In this paper we discuss the geometry and mechanics of discrete manifolds—so called simplicial complexes that are essentially triangulated regions—motivated by the works on discrete exterior calculus and differential geometry in computer graphics. We show that the classical ideas related to the geometry of continuous manifolds, such as metric, curvature, and affine connections take on a much simpler and more intuitive aspect when discussed in the context of such discrete triangulated manifolds. We introduce the notion of a dual mesh to describe “dual” variables (technically differential forms). We use the dual mesh to show that the geometry of the defects such as microcracks, dislocations and incoherent boundaries as well as balance laws and constitutive relations can be introduced directly, without the need for “discretization” from a continuum. This opens up the possibility of direct simulations of these bodies without the need for a continuous counterpart. We end by demonstrating how the second law of thermodynamics can be used in such a situation including discrete non-local systems.

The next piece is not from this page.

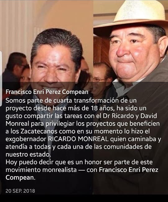 Pérez Compeán pertenece, al igual que la diputada Villalpando -su esposa-, forman parte del grupo político que encabeza la senadora Verónica Díaz y el propio David Monreal. En enero del 2019, la entonces delegada de Programas para el Desarrollo en Zacatecas, Verónica Díaz Robles y Luis Jiménez Guzmán, director general de Conciliación, Arbitraje y Servicios Periciales de la Procuraduría Agraria, le rindieron protesta a Francisco Enrique Pérez Compeán, como nuevo titular de la oficina de representación de la Procuraduría Agraria en la entidad. Pérez desde el 2018, había manifestado de manera muy abierta «ser «monrealista» en su perfil de Facebook, a pesar de haber trabajado en el Gobierno del Estado en el sexenio de Miguel Alonso.

在本文中，我们讨论了离散流形的几何学和力学原理，即所谓的单纯形络合物，本质上是三角区域，它们是由计算机图形学中的离散外部微积分和微分几何学引起的。我们表明，在这种离散的三角歧管的上下文中进行讨论时，与连续歧管的几何形状（例如公制，曲率和仿射连接）有关的经典思想具有更简单，更直观的方面。我们引入了双重网格的概念来描述“双重”变量（技术上是差分形式）。我们使用双重网格显示，可以直接引入缺陷的几何形状，例如微裂纹，位错和不连贯的边界以及平衡律和本构关系，而无需从连续体中进行“离散化”。这为直接模拟这些物体提供了可能，而无需连续的对应。最后，我们将说明如何在包括离散非局部系统在内的这种情况下使用热力学第二定律。